**TASK**.
Your output should reproduce each entry exactly, with none of its pictures.
*** Begin section ***
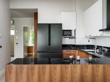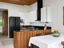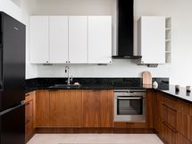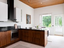 - Työtasot: kivi. Jääkaappi/pakastin, uuni, induktioliesi, liesituuletin, astianpesukone, mikroaaltouuni.
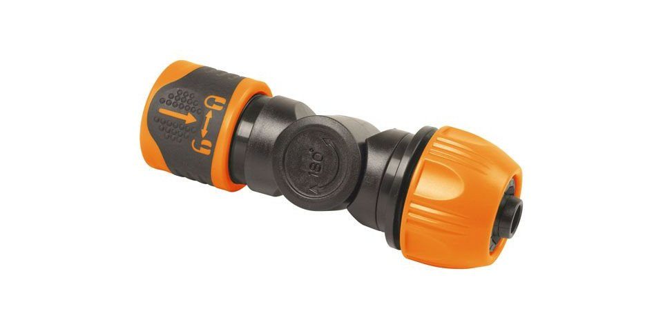 Zur Installation am Schlauchanfang | Anschluss 12,7 mm (1/2") und 19,05 mm (3/4") | Material: Kunststoff | mit 180° Gelenk | Maße: 12,5 x 4,5 cm (L x Ø) | Farbe: schwarz, orange |
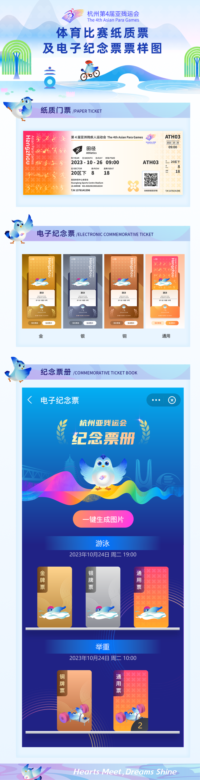 亞殘運(yùn)會(huì)日益受到廣大公眾密切關(guān)注,為回應(yīng)社會(huì)關(guān)切,經(jīng)研究,杭州亞殘組委決定采取亞殘運(yùn)會(huì)公眾售票官網(wǎng)選座購(gòu)票的銷(xiāo)售方式。具體票務(wù)信息可咨詢亞殘運(yùn)會(huì)公眾售票官網(wǎng)在線客服和票務(wù)官方咨詢熱線(400 909 2022)。 杭州亞殘組委發(fā)布體育比賽紙質(zhì)票及電子紀(jì)念票票樣設(shè)計(jì)圖。杭州第4屆亞洲殘疾人運(yùn)動(dòng)會(huì)體育比賽門(mén)票票面設(shè)計(jì)以“折桂”為主題,延續(xù)杭州亞運(yùn)會(huì)“映日紅”和“月桂黃”主色彩,輔以杭州亞殘運(yùn)會(huì)體育圖標(biāo),展現(xiàn)了亞殘運(yùn)會(huì)運(yùn)動(dòng)員奮勇拼搏的運(yùn)動(dòng)激情和勇立潮頭的時(shí)代精神。
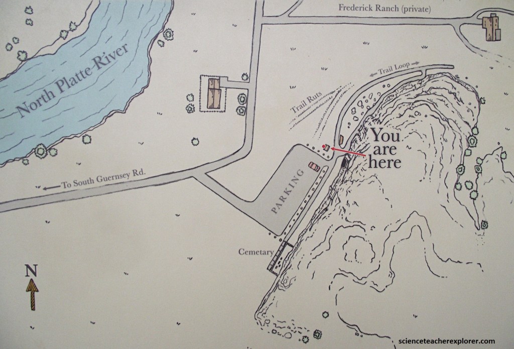 In the evermore-dissected terrain, emigrants had to veer away from the North Platte River for long stretches, with tough pulling over hills and across ravines. Two kilometers south of present Guernsey, Wyoming, an outer bend of the river runs up against an 27m high bluff of Arikaree sandstone, (Late Oligocene & Early Miocene). Unable to pass along the riverbank, everyone had to climb up and over the bluff. All wagons followed the same narrow track over the bluff, excavating a 2m deep defile today called Deep Rut Hill, (pictured above).
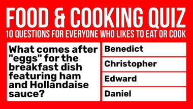 In this fun trivia quiz we're going to ask questions like "What comes after "eggs" for the breakfast dish featuring ham and Hollandaise sauce?" and "What cooking verb means to remove impurities from the surface of a liquid?".
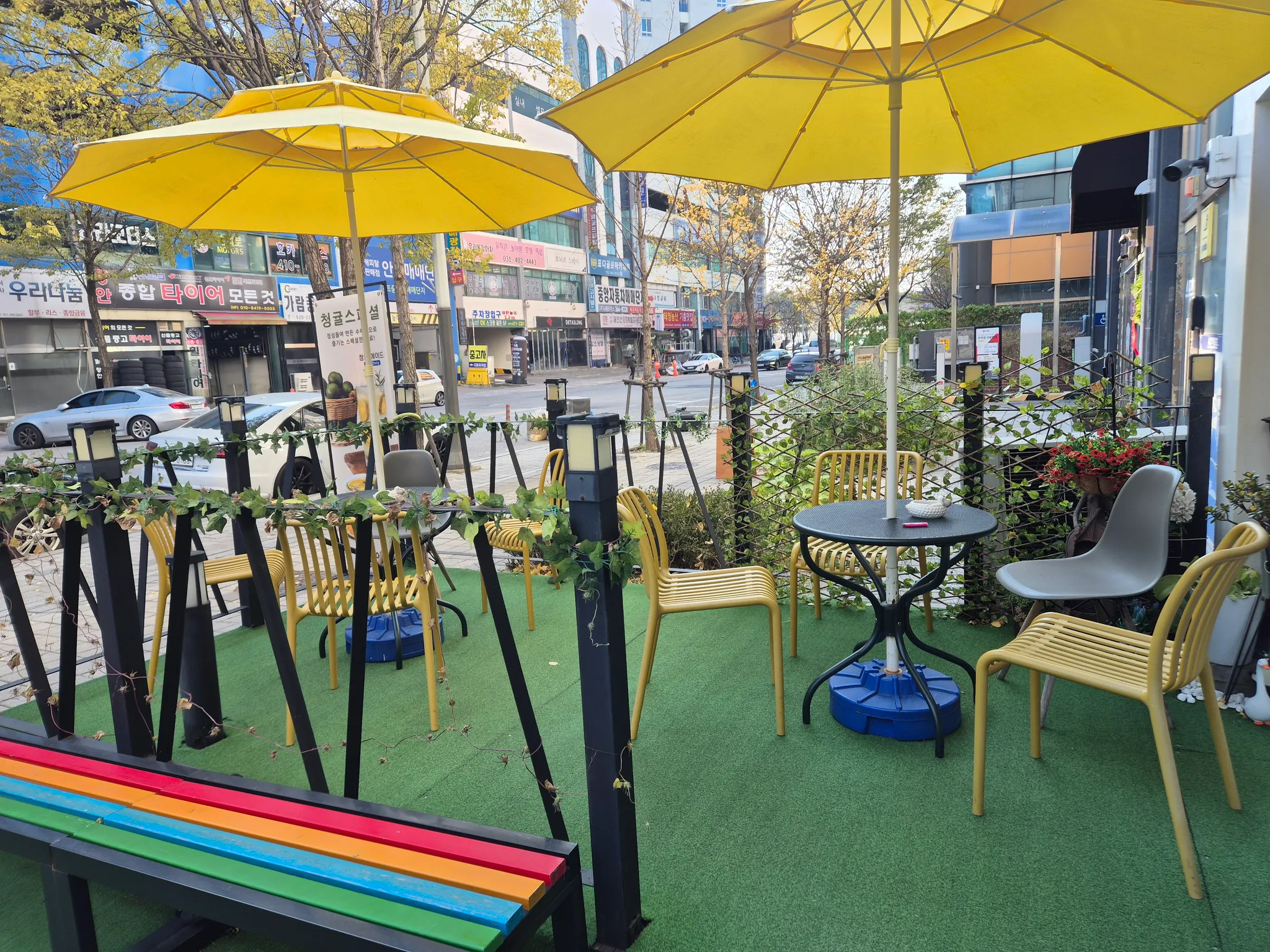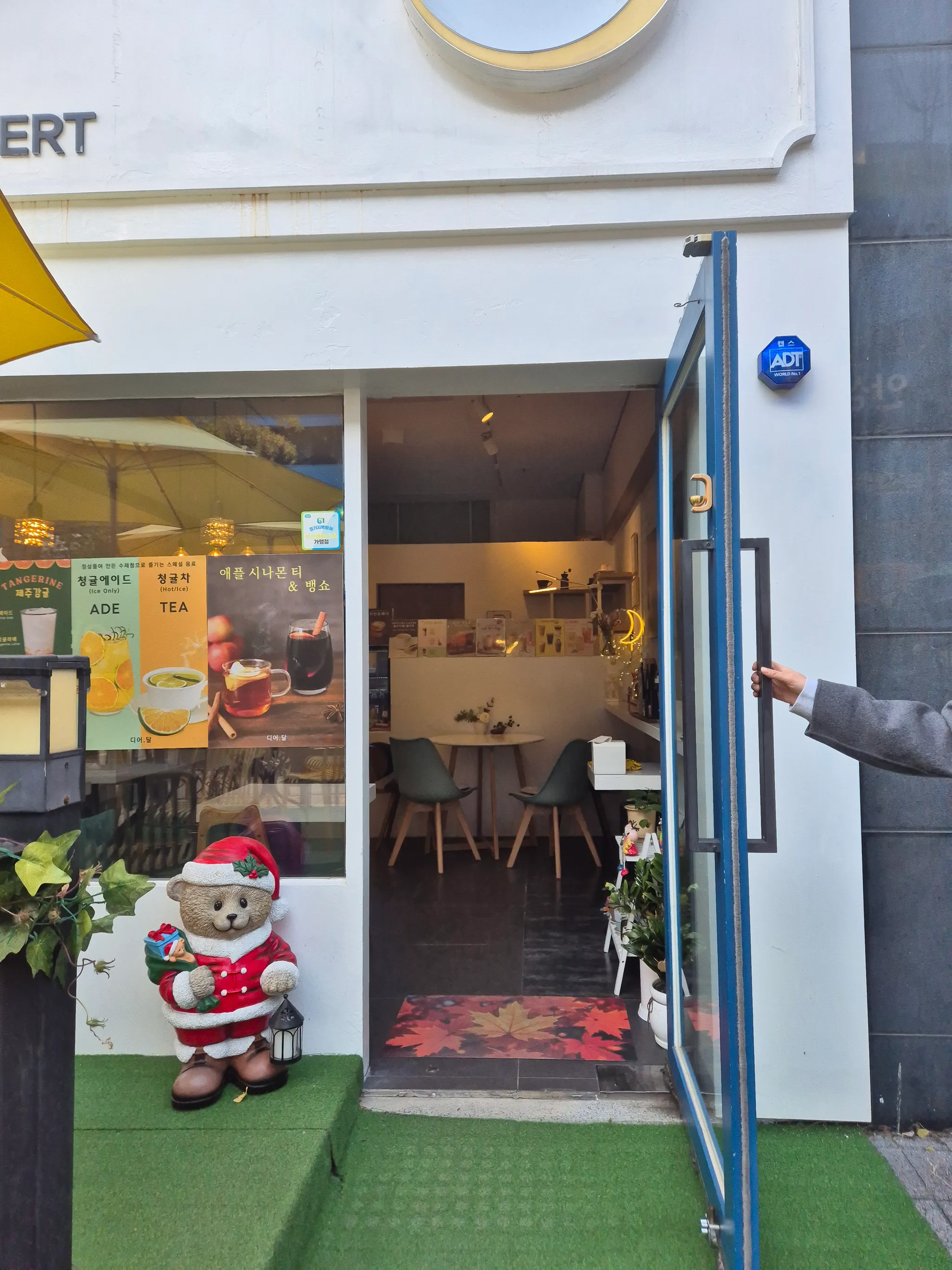 -매장 외부 야외 테라스에는 계단 높이 1개의 턱이 있습니다.
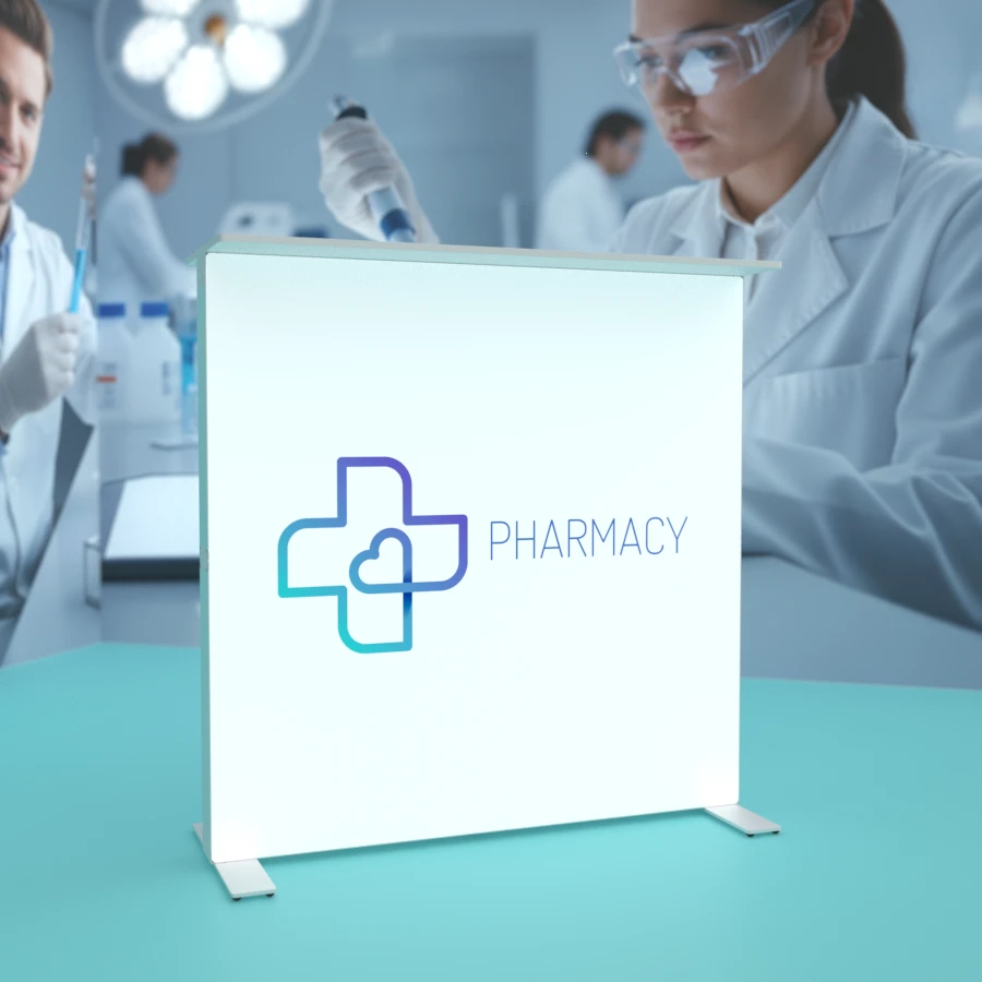 Ściany stoiska Multi Pharmacy Led drukowane są w technologii sublimacji, co zapewnia intensywne barwy i precyzyjne odwzorowanie detali. Materiał zachowuje swoje właściwości nawet po wielokrotnym praniu, dzięki czemu grafiki można wykorzystywać wielokrotnie bez utraty jakości. Twoje logo pozostaje czytelne i estetyczne przy każdym użyciu.
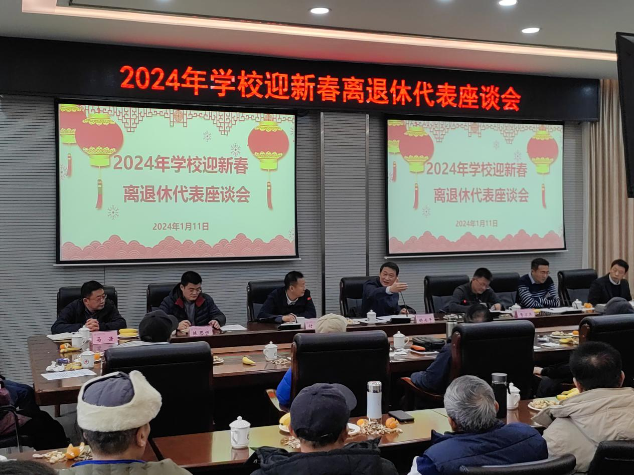 辰龙贺岁,华夏升腾。1月11日上午,学校在健康大厦多功能厅召开了2024年迎新春离退休代表座谈会。会议上,学校党委书记舒为平、党委副书记胥万兵、党委常委副校长付东、党委常委组织部部长郑宇以及相关部门的负责同志与离退休教职工代表们欢聚一堂,叙情谊,谋发展,共迎新春佳节。会议由党委副书记胥万兵主持。
*** End section ***
**EXERCISE SOLUTION**.
 - Työtasot: kivi. Jääkaappi/pakastin, uuni, induktioliesi, liesituuletin, astianpesukone, mikroaaltouuni.
 Zur Installation am Schlauchanfang | Anschluss 12,7 mm (1/2") und 19,05 mm (3/4") | Material: Kunststoff | mit 180° Gelenk | Maße: 12,5 x 4,5 cm (L x Ø) | Farbe: schwarz, orange |
 亞殘運(yùn)會(huì)日益受到廣大公眾密切關(guān)注,為回應(yīng)社會(huì)關(guān)切,經(jīng)研究,杭州亞殘組委決定采取亞殘運(yùn)會(huì)公眾售票官網(wǎng)選座購(gòu)票的銷(xiāo)售方式。具體票務(wù)信息可咨詢亞殘運(yùn)會(huì)公眾售票官網(wǎng)在線客服和票務(wù)官方咨詢熱線(400 909 2022)。 杭州亞殘組委發(fā)布體育比賽紙質(zhì)票及電子紀(jì)念票票樣設(shè)計(jì)圖。杭州第4屆亞洲殘疾人運(yùn)動(dòng)會(huì)體育比賽門(mén)票票面設(shè)計(jì)以“折桂”為主題,延續(xù)杭州亞運(yùn)會(huì)“映日紅”和“月桂黃”主色彩,輔以杭州亞殘運(yùn)會(huì)體育圖標(biāo),展現(xiàn)了亞殘運(yùn)會(huì)運(yùn)動(dòng)員奮勇拼搏的運(yùn)動(dòng)激情和勇立潮頭的時(shí)代精神。
 In the evermore-dissected terrain, emigrants had to veer away from the North Platte River for long stretches, with tough pulling over hills and across ravines. Two kilometers south of present Guernsey, Wyoming, an outer bend of the river runs up against an 27m high bluff of Arikaree sandstone, (Late Oligocene & Early Miocene). Unable to pass along the riverbank, everyone had to climb up and over the bluff. All wagons followed the same narrow track over the bluff, excavating a 2m deep defile today called Deep Rut Hill, (pictured above).
 In this fun trivia quiz we're going to ask questions like "What comes after "eggs" for the breakfast dish featuring ham and Hollandaise sauce?" and "What cooking verb means to remove impurities from the surface of a liquid?".
 -매장 외부 야외 테라스에는 계단 높이 1개의 턱이 있습니다.
 Ściany stoiska Multi Pharmacy Led drukowane są w technologii sublimacji, co zapewnia intensywne barwy i precyzyjne odwzorowanie detali. Materiał zachowuje swoje właściwości nawet po wielokrotnym praniu, dzięki czemu grafiki można wykorzystywać wielokrotnie bez utraty jakości. Twoje logo pozostaje czytelne i estetyczne przy każdym użyciu.
 辰龙贺岁,华夏升腾。1月11日上午,学校在健康大厦多功能厅召开了2024年迎新春离退休代表座谈会。会议上,学校党委书记舒为平、党委副书记胥万兵、党委常委副校长付东、党委常委组织部部长郑宇以及相关部门的负责同志与离退休教职工代表们欢聚一堂,叙情谊,谋发展,共迎新春佳节。会议由党委副书记胥万兵主持。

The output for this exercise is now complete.